The Last Express

Jordan Mechner’s The Last Express takes place on the legendary Orient Express during that train’s last trip from Paris to Constantinople, just before the outbreak of World War I.

2It also begins with the hero discovering a murder, but otherwise bears little resemblance to the Agatha Christie novel, and its hero is not Inspector Poirot. He’s Robert Cath, an American, who (like Bogart in Casablanca) hides his battered American idealism beneath a hard-shelled layer of cynicism. He had been living peacefully in Paris until he got caught in the wrong place at the wrong time. He is now a fugitive wanted by the police, and is desperate to get out of Europe. A telegram from old friend Tyler Whitney offers him a safe journey to Constantinople.
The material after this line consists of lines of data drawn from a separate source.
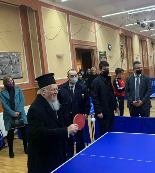 Κατά την  διάρκεια την παραμονής του στους χώρους του ιστορικού συλλόγου της Ομογένειας ο Παναγιώτατος συνομίλησε με τους παρεβρισκόμενους και το ευχάριστο κλίμα ήρθε να ολοκληρώσει ένα παιχνίδι Ping-Pong!
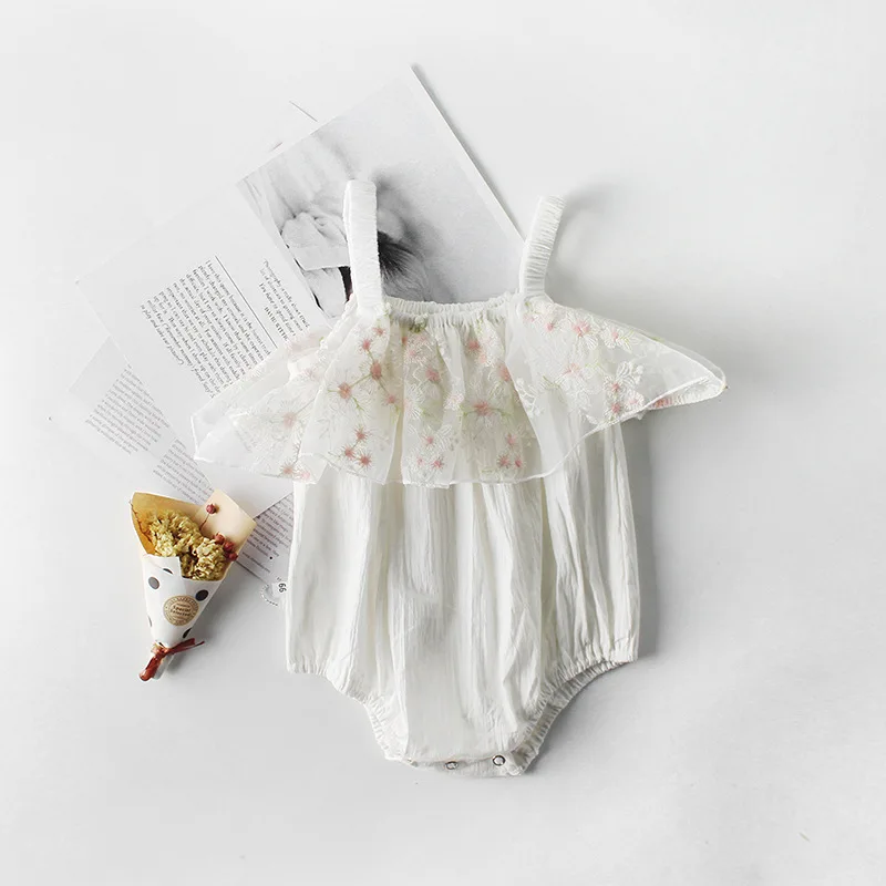 INS 2019 summer new born baby girl baby sling lace dress baby climb clothes conjoined at the pure c
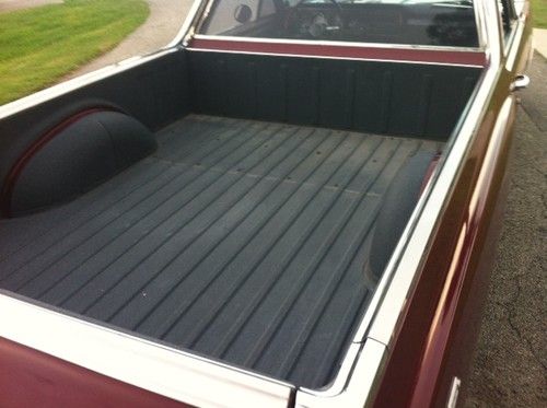 Where do we start the car is just absulutlely flawless has an amazing lazer straght body with a beautiful brandy wine base coat clear coat paint job buffed and polished like a sheet of glass has a mild built 350 engine with some goodies a built 700 r 4 trans with a mild shift kit Power steering Power disc brakes front upgrade all the chrome bumpers and door handles are perfect the bed all very light texture coated tires and wheels dual exhaust vintage a/c, cd stereo interior sweet all dash gauges and dash itself in excellent condition painted same as car with build OEM steering wheel like new all weather seals replaced all glass perfect just flat out a one of a kind classic its a California car so no rust never had any when we say this car is straight we mean not a ripple not a parking lot ding no no where runs and drives great can drive this car anywhere ( The car is also for sale on our lot as we have a few classic muscle cars in the warehouse ) we are mainly a custom jeep restoration shop been in Business over 18 years Please Look at pics close as it looks fantastic and the pics don't even show the real beauty of this car

A cutscene shows your character boarding the train, and a little snooping around further thickens the plot when you find out Whitney was murdered. The player takes control of Cath just after he boards. It is possible to wander aimlessly about the train’s seven cars listening in to various conversations, but unless Cath soon finds and hides Whitney’s body and assumes his identity, he will be arrested and have to replay the first day. The suspense is almost unbearable while the body is in danger of being discovered, especially by the conductor who is always a door’s knock away.

One of the game’s innovations is that the player is not allowed to save and load. Instead, the game runs like film on a projector and is saved automatically when the player pauses or quits the game. A red line on the map keeps track of the player’s progress as the train chugs towards Constantinople. The film can be rewound to various stops, thus allowing the player to try different strategies. It is automatically rewound to the point just before Cath dies in the arcade sequences (there are several times he has to fight armed adversaries without a weapon of his own).

11The player’s main objective is to uncover all the strands of the elaborate plot with which Whitney was involved. The train is a microcosm of Europe’s aristocrats, anarchists, revolutionaries, industrialists, and spies in 1914. The rotoscoped environments may be a problem for those expecting a fully animated game. The characters feel stiff at times. There is no lip-synching, and visually the game just feels a bit rough around the edges. Even so, The Last Express is a new and better way of telling an interactive story, and as such provides a role model for other adventure games.